Bascule Wine Bar: Bridging The Beer And Cocktail Gap In Chicago
By John Lenart in Food on Dec 19, 2014 8:00PM
Credit: Bascule's Facebook Page
One of the most anticipated openings of 2014 will squeak in just under the wire. Bascule Wine Bar (1421 W. Taylor Street), the new wine bar from 2013 Jean Banchet Best Sommelier Award winner Jason Prah, Eno Wine Room Sommelier Scott Harney and Chef Mike Burkauskas, is slated to open on Dec. 29 with Opentable reservations first available for Jan. 3, 2015.
While the name Bascule sounds European (it has French roots), it is a word that is important to Chicago too. Bascule is the name of the style of drawbridge that crosses the Chicago River all around downtown. But to Prah, Bascule is something more. “For us, philosophically speaking, it's that idea of bridges, going from one place to another. So it's a bridge between old world and new world wines, also different cuisines. Ultimately it allows us to do whatever we'd like.”
The wine list at Bascule will be very personal to Prah. “I want wines that are important to me. From places I love, with history. I want wine to be a big focus here, and not only to be educational but affordable,” Prah says. There will be 15 to 20 wines by the glass ranging in price from $6 up to $20. Six of these will be on tap.
The bottle list will be 50 to 75 wines deep, ranging in price from $20 up to about $100 per bottle. In order to provide great value on the bottle list, Prah will take a less is more strategy. “As the wines get more expensive at wholesale, my cost, I'll start lowering the markup.” Also, if you spot a bottle on the list you’d really like to try, but don’t want to purchase the entire bottle, Bascule will offer you a chance to try these wines as well. “We are also willing to pour any bottle on the list under $100 by the glass as long as the guests commit to two glasses from that bottle,” Prah says.
When asked about the styles of wine the list will focus on he tells me, “we'll be old world focused with France and Italy being the primary section of the list, then fleshing that out with a more global wine experience. But for me, old world has always been where my heart is.” Bascule will also feature wines from emerging wine growing areas like Croatia and Slovenia.
“The wine list will change quite often, but as we go on we'll add some older vintages and build some vertical selections,” Prah says.
One of the tough parts of running a wine bar in Chicago today is appealing to a younger crowd who is more likely to go out for beer or cocktails. “I think younger people are being drawn to wine a little bit more. If you have interesting selections, younger people are a little more willing to take a risk.” Of course, he understands that his staff will need to be trained to handle the demands of these younger consumers who may be unfamiliar with wine. When it comes to the staff at Bascule, Prah tells me, “my staff will be very well educated in wine so there will be an easy dialog with our guests. It won't be you sort of sit down, look at the list, and maybe just order a beer because no one can tell you about the wines. And it'll be accessible with $25 or $30 bottles of wine.”

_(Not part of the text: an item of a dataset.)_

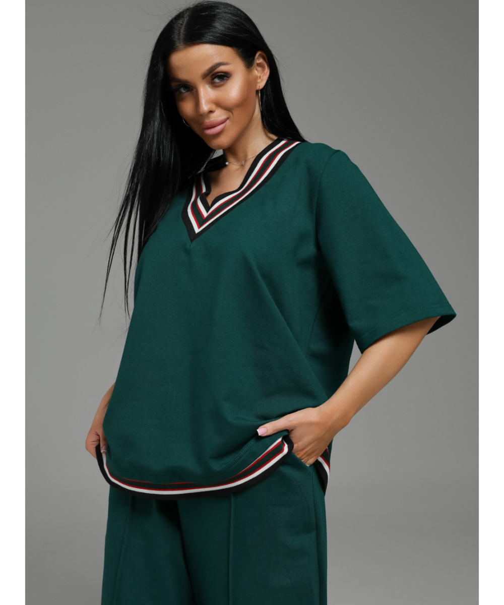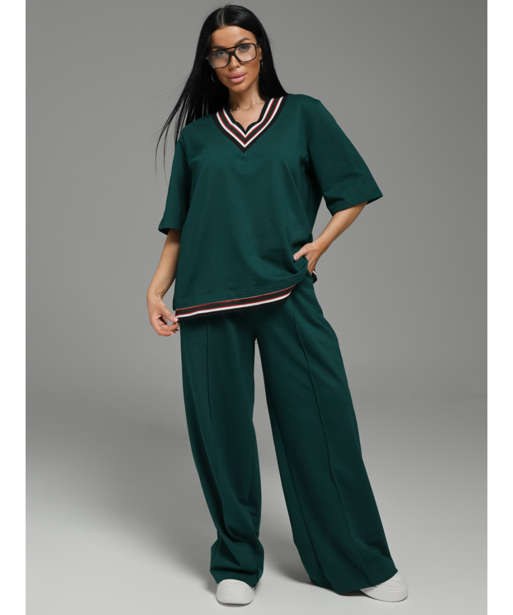 Костюм женский состоит из футболки и брюк.

But that doesn’t mean you’ll be in remedial wine class if you are well versed in wine. “I want to bring in sort of the Michelin service mentality to a casual place. I want service here to be finessed and on point and precise and educated,” Prah says.
As an admitted glass snob, I had to ask about the glassware at Bascule. I was thrilled with the response. “We'll use four types of glasses. Champagne glasses, we'll use an all purpose glass for aromatic whites like rieslings. We'll also use a Burgundy glass, which we'll use for chardonnay, pinot noir, nebbiolo, and even white Rhones. And then of course we'll have Bordeaux glasses for the bigger style reds. I'm not a wine snob I'm a glass snob,” Prah says in agreement with my weakness for quality glasses.
Bascule will seat around 90 people. Along with bar and table seating, there will be two communal tables which Prah sees as a seating not only for larger groups but also for events. “The Sommelier table will seat 12 and the Chef's table six. After we are open for a couple months, I intend on doing a monthly series of wine classes which will include food and wine pairings based around particular regions.”
Bascule will also offer friendly hours to consumers as well as industry folks, Prah says, “if I wanted to go and have a really nice glass of wine at three in the afternoon if I'm on a day off, we plan on being open at 3 p.m. every day. Our plan initially is to serve food until 1 a.m. with a limited menu after 11 p.m. So if you're a sommelier or a waiter, this is the place to come for a really nice glass of wine or a night cap.” Hours on Sunday will be from 3 p.m. until 11 p.m.
In just a brief interview it’s obvious that Prah is passionate about bringing quality wine to people in a casual comfortable atmosphere. When I asked what he wants people to think about Bascule he tells me he’d like people to think of Bascule as “diverse, affordable, lots of value and wines with a narrative about the people who grew the grapes and made the wine.”